Les ONG appellent l'Europe à changer de cap sur l'accueil des migrants

Le Conseil européen de jeudi et vendredi risque de marquer une nouvelle étape dans la dégradation des droits des réfugiés, mettent en garde mercredi des associations d'aide européennes, invitant les Etats membres à changer de cap pour éviter de sombrer "un peu plus dans une crise morale et politique". /Photo prise le 26 juin 2018/REUTERS/Jon Nazca

PARIS (Reuters) - Le Conseil européen de jeudi et vendredi risque de marquer une nouvelle étape dans la dégradation des droits des réfugiés, mettent en garde mercredi des associations d'aide européennes, invitant les Etats membres à changer de cap pour éviter de sombrer "un peu plus dans une crise morale et politique".

Dans un rapport publié mercredi, l'association française d'aide aux migrants la Cimade, accuse la France de jouer "les premiers rôles" dans la "politique du pire" des Etats membres pour limiter les mouvements des migrants à destination et à l'intérieur du continent.

A la veille d'un conseil largement centré sur une question migratoire remise à l'ordre du jour par le refus italien de deux bateaux humanitaires, la Cimade appelle les Européens à mettre fin à une "compétition désastreuse" sur "la politique la plus à même de dissuader les personnes migrantes d'entrer".

A l'issue d'une série de missions aux frontières françaises mais aussi hongroises en 2017 et 2018, l'association qualifie la crise des réfugiés de 2015 de "parfait prétexte" à la fermeture des frontières.

Depuis septembre 2015, dix pays ont rétabli des contrôles systématiques à leurs frontières intérieures et six pays, dont la France, continuent de mener des contrôles systématiques dans ce cadre, aboutissant notamment à des refoulements.

Les décisions de non-admission à la frontière française sont passées de 11.000 en 2014 à 86.000 en 2017, note le rapport sur la base de chiffres officiels.
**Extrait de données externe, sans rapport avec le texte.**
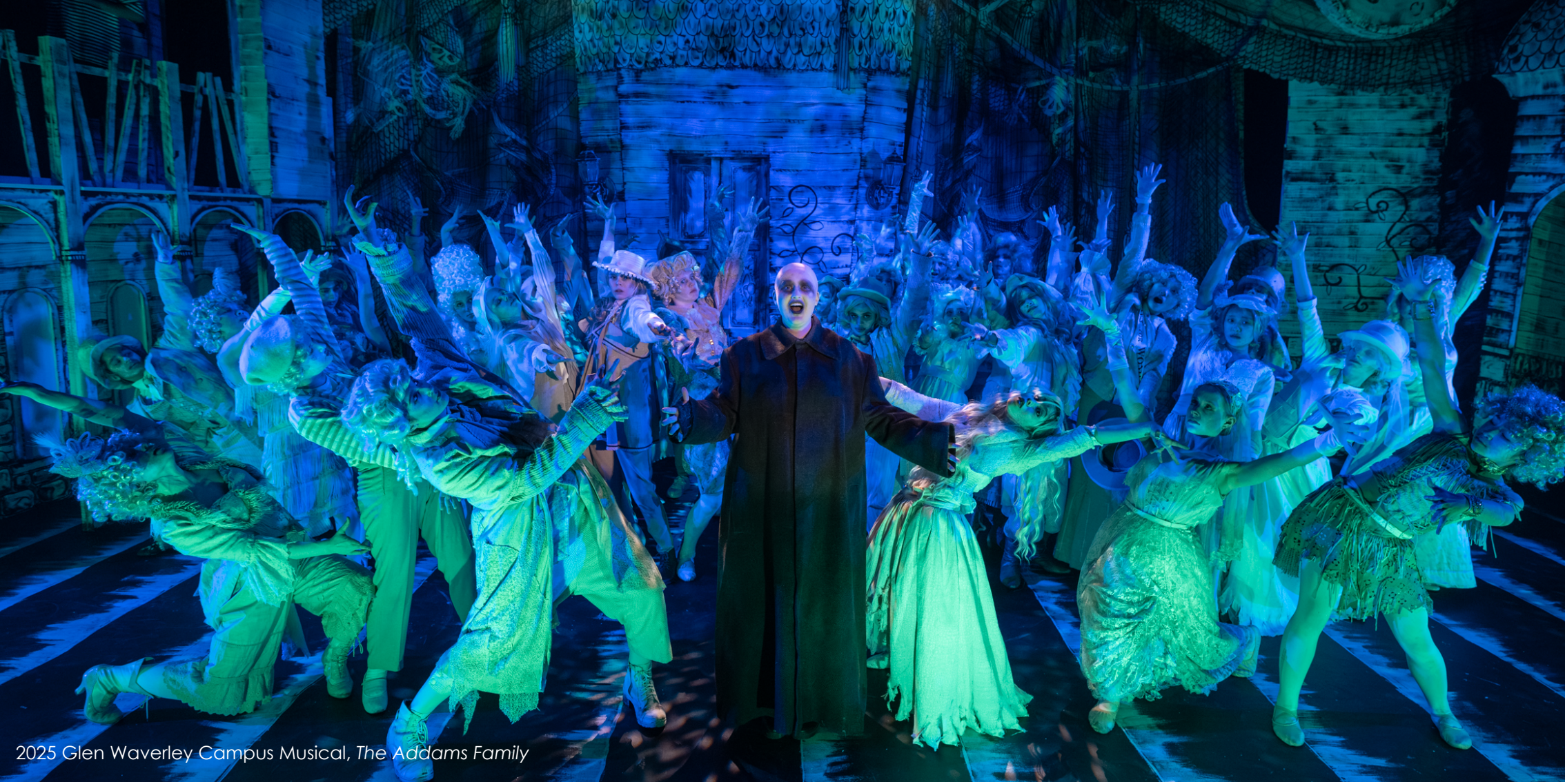
2025 Glen Waverley Campus Musical, The Addams Family
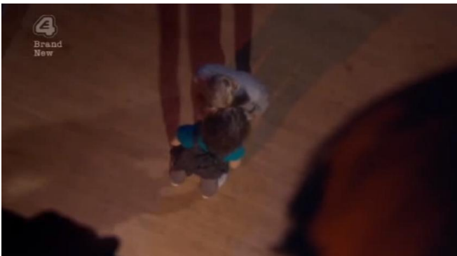
Shot 16, 04:58
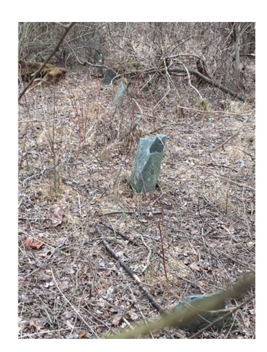
HP-020-004 Possible stone perimeter fence line

Date 03/12/2018
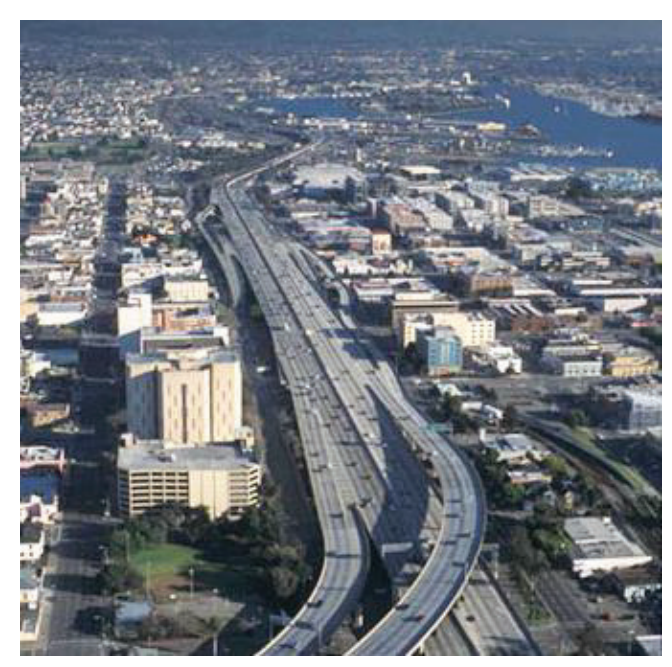
Aerial view of Oakland Alameda Access Project.
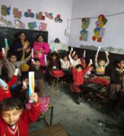
An Eye and Health checkup camp was organized by Alliance Clubs of Faridabad Green and Jagriti, District 150 in slum area school. Total 315 OPD were done by Doctors team.
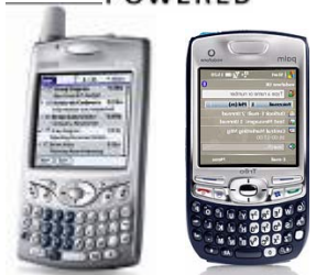
Palm Treo 650 & 750
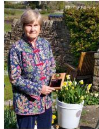
Mickleton Gardening Club Trophy winners, 2020

We were unable to hold our usual September show, so asked members to submit photos of garden produce, along with pictures taken by garden judges, to create a slide show for when we were able to meet again.
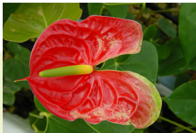
Cork damage in the flower

The water consumption of the cultivation depends on the climate, the substrate and the age of the crop. To a great extent, the relative humidity in the greenhouse determines
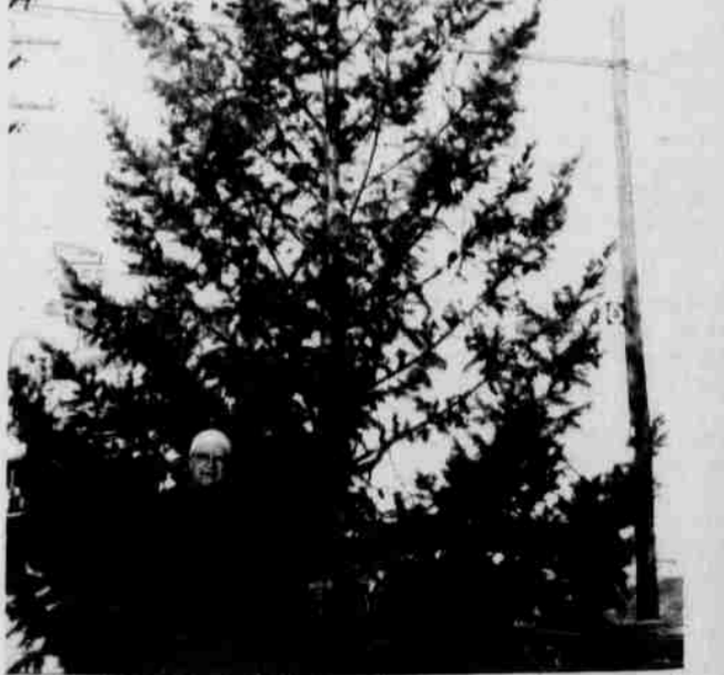
There's lots of beautiful brown fir cones on the community Christmas tree this year.

The Morrow County Jaycees Orange Sale has been postponed to Dec. 13. If the oranges are as good as the Jaycees sold last year, there will be many repeat customers to buy the oranges at $1.00 per bag. Proceeds will be used to purchase paint and other materials necessary to refurbish donated toys which will be given away in the Jaycee Christmas boxes.
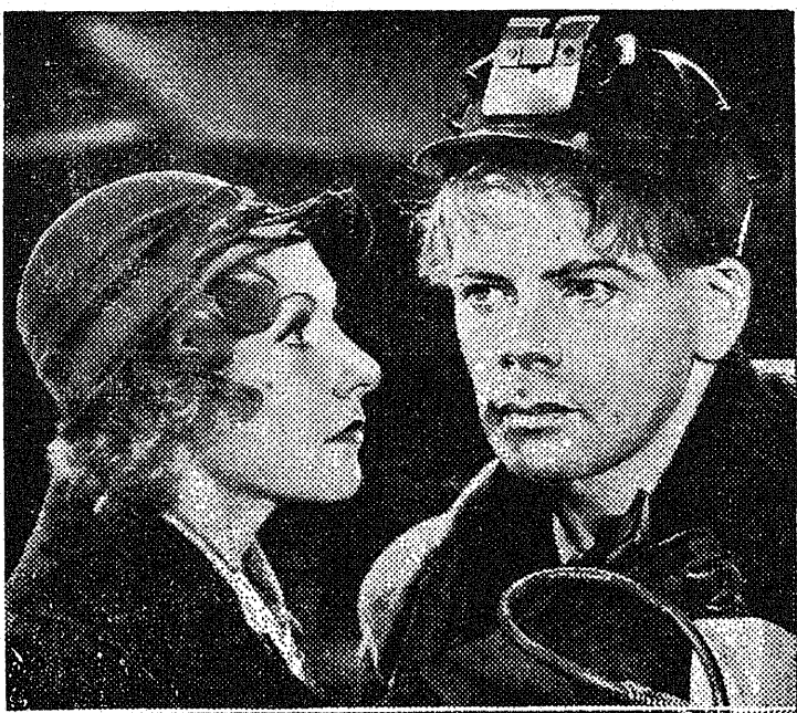
Paul Muni and Karen Morley in a tense moment during the new film "Black Fury," now being shown at the Strand and the Brooklyn Paramount.
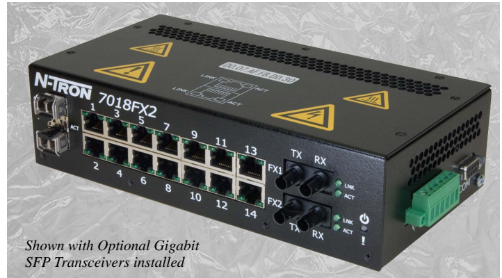
Shown with Optional Gigabit SFP Transceivers installed

DHCP -DHCP Server / Client automates the assignment of IP addresses. DHCP Option 82 assures that if a device on a specific port is replaced, the replacement receives the same IP address as the original device.
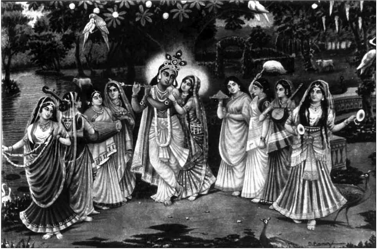
Spring in Vrindavan

Who can show you the lotus feet of Krishna? Who can lead you to the lotus feet of Krishna? Who can give you the clue how to see or approach the lotus feet of Krishna? That is guru, a premī-guru , premī-bhakta , a dear devotee who has established a loving relationship with Krishna. He is day and night, twenty-four hours, engaged in the loving service of Krishna. Only such a guru who has bound up Krishna in his heart with the rope of love can lead you to the lotus feet of Krishna, because he is a very dear and intimate associate of Krishna. Such a personality is a rādhā-prīya-sakhī , a very dear girl companion of Srimati Radharani.
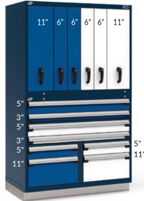
W x D x H 48" x 27" x 76" RL-XHG76D002NS
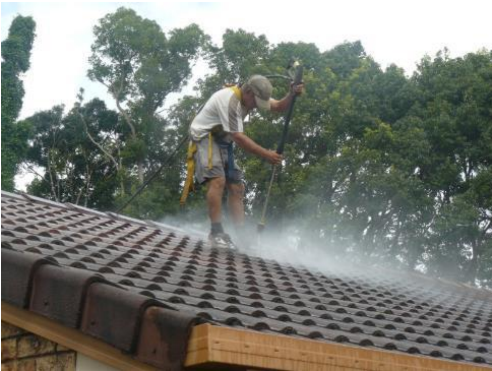
Process commences cleaning

2/32 Southern Cross Drive, BALLINA NSW PO Box 170, Lennox Head NSW 2478 6681 1793
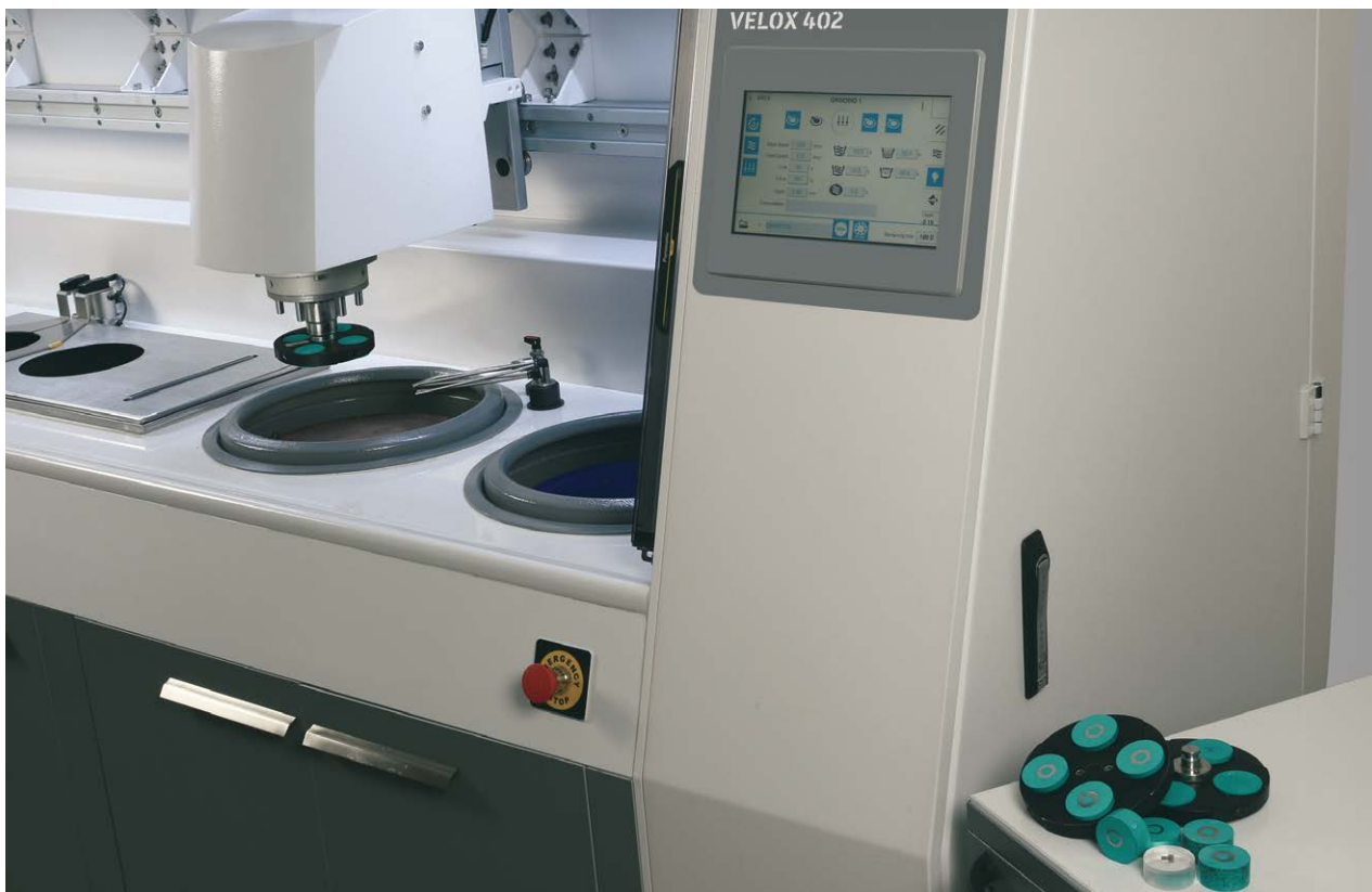
Fully Automatic Programmable Grinding/Polishing System

VELOX 402 has the highest safety standards. The equipment is provided with safety light curtain allowing easier process monitoring and easier access to the preparation area. It prevents access to moving or rotating parts during operation. When operator fingers, hand and ankles approaches to the operation area, the equipment stops immediately. A stack light is located on the top of the equipment to provide visual and audible indication of machine status.
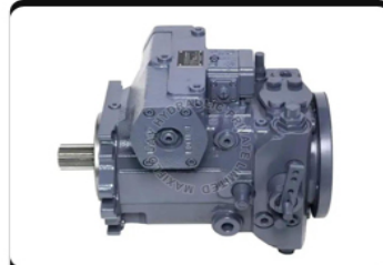
A4V6 Rexroth Hydraulic Pump
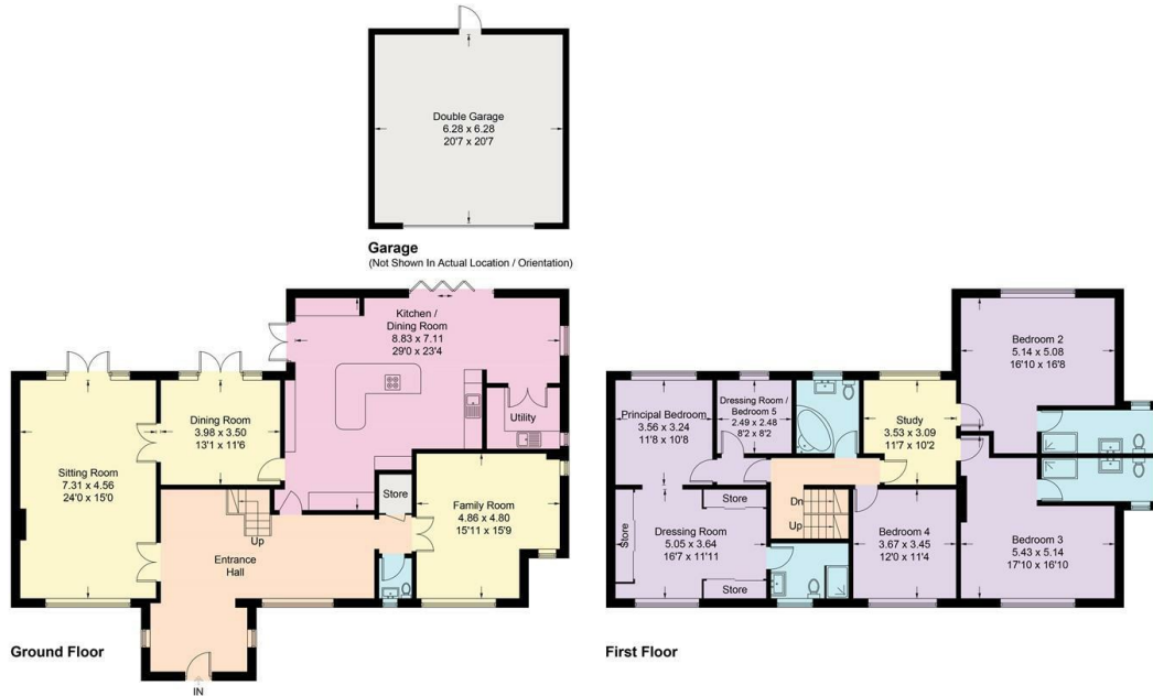
Illustration for identification purposes only, measurements are approximate, not to scale. Fourlabs.co © (ID1203067)
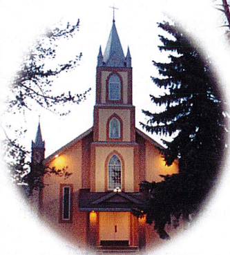
Our Lady of Victory Parish
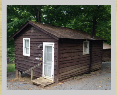
The Old Infirmary

A much needed improvement is underway...Nurses at Camp Ta-Pa-Win-Go will be welcomed next summer with a completely renovated infirmary, thanks to generous giving and lots of hard work by a group from RVICS (Roving Volunteers in Christian Service). We praise the Lord that our goal of $15,000 has been met. Additional volunteers will be needed to complete the plumbing, electrical, sheet rock, flooring and painting.
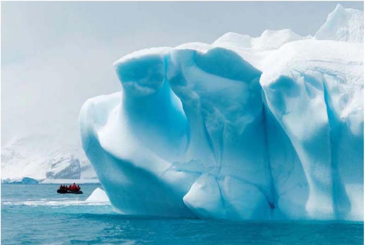
Approaching a sculpted iceberg in the Antarctic waters

14 Days | Departs Tuesday, returns Monday
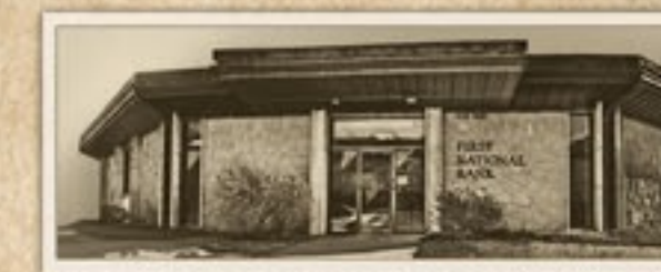
The unusual chandelier at the bank was made in West Germany and is composed of approximately 300 separate small, hand-blown glass globes designed to fit in a perfect circle and lighted from behind with 65 clear electric bulbs.

1972 Current main bank building completed, 806 W. 5th Street
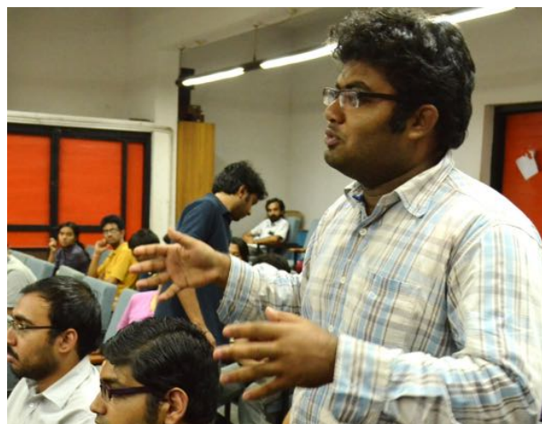
The Uranium Film Festival in India attracted many of students and multipliers and provided space for debates about the question of nuclear power, uranium mining and energy.

More than 50 films were scheduled to be screened in six cities of India. The festival also had a photo exhibition "Jadugoda Drowning in Nuclear Greed" of young photographer Ashish Birulee on health hazards of the people of Jadugoda due to uranium mining. This exhibition was also shown during the Uranium Film Festival at the Museum of Modern Art in Rio de Janeiro last year.
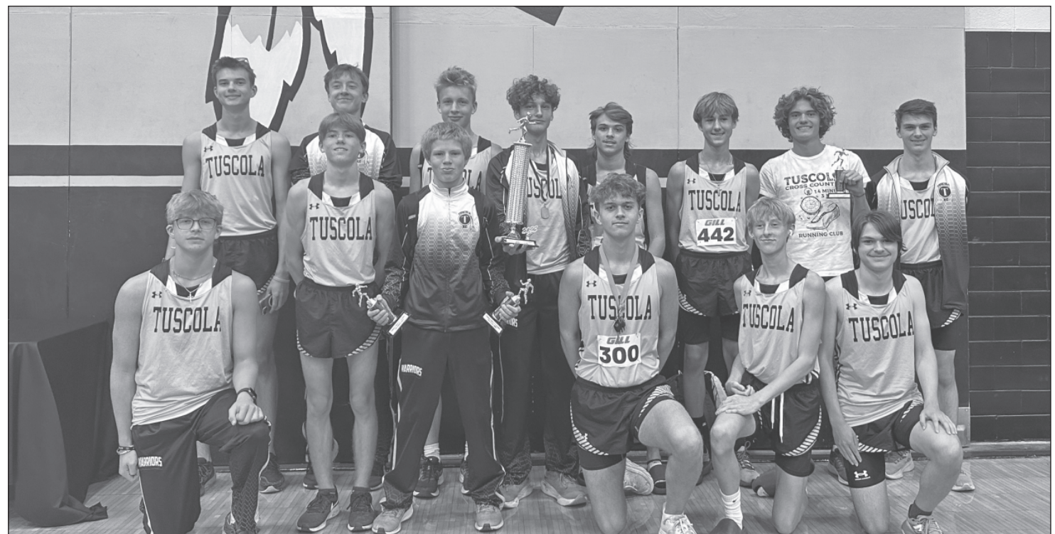
WARRIOR BOYS CROSS COUNTRY runners proudly display their hard-earned trophies at the Tuscola Classic meet on Sept. 16.
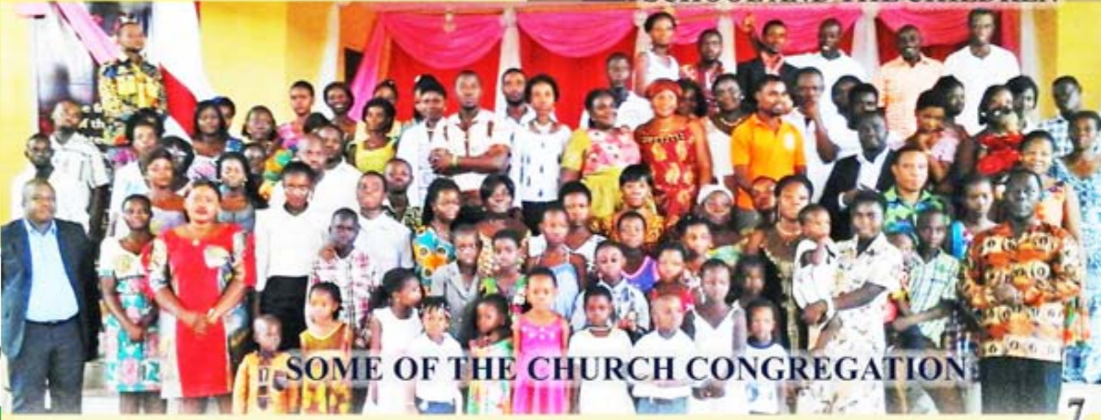
SOME OF THE CHURCH CONGREGATION

GLORYPEOPLE MEDIA SITE OPEN OUR WEBSITE @ for our new VIDEO STREAMING http://www.glorypeople.org/media-articles/videos
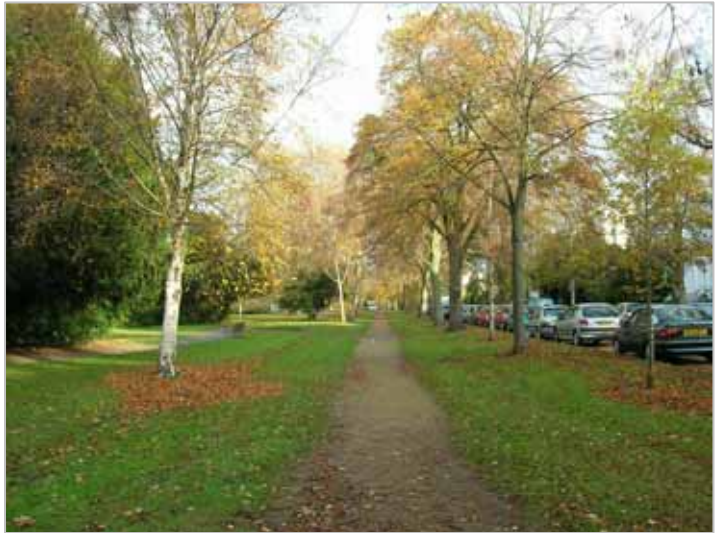
2007 Informal path adjacent to Pittville Lawn

To the west there is also a hard surfaced bitmac footpath which runs parallel to the A435 Evesham Road. This hard surfaced path is repeated to the north, running parallel with Central cross Drive and in the south, running parallel with Wellington Road. In places tree roots are distorting the bitmac surface, which may prove to become a tripping hazard in the future and contributes to an untidy and neglected atmosphere.
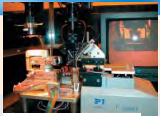
F-206 as a photonics alignment subsystem for automated assembly of fiber pigtailed devices.
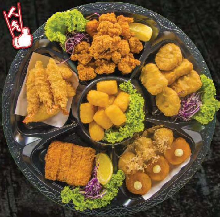
MP 02 栄風おつまみの盛り合わせ1 Sakae Snack Platter 1 $22.0

L'association dénonce "le détournement de la lutte antiterroriste pour contrôler la migration", seuls 20 refus d'entrée en France ayant été prononcés l'an dernier pour menace à l'ordre public.

"À sa frontière avec l'Italie, la France déploie des moyens considérables pour bloquer les personnes exilées (...) À sa frontière avec le Royaume-Uni, elle met tout en œuvre pour les empêcher de partir", souligne la Cimade.

En Méditerranée, les refoulements se "matérialisent par la délégation croissante des interceptions en mer aux gardes-côtes libyens, une des formes de l'externalisation des politiques migratoires européennes", note le rapport, qui fustige par ailleurs des "accords de coopération indignes avec des pays comme la Libye, la Turquie, le Niger ou encore le Soudan".

Contre le projet de centres fermés avancé par Emmanuel Macron au niveau européen, l'association appelle les Etats membres à renoncer à l'approche "hotspots", à "rompre avec une politique qui consacre la détention des personnes migrantes comme un mode de gestion privilégié" au profit d'une politique axée sur l'accueil et la protection plutôt que sur la surveillance des frontières et l'externalisation.

Le réseau d'associations Migreurop, auquel appartient la Cimade, invite les dirigeants européens à "changer de cap".

"Sans rupture avec les logiques de l'externalisation de l'asile et du contrôle des frontières, l'UE s'enfoncera un peu plus dans une crise morale et politique dont les milliers de morts aux frontières sont les premières victimes", estime la fédération d'associations dans un communiqué.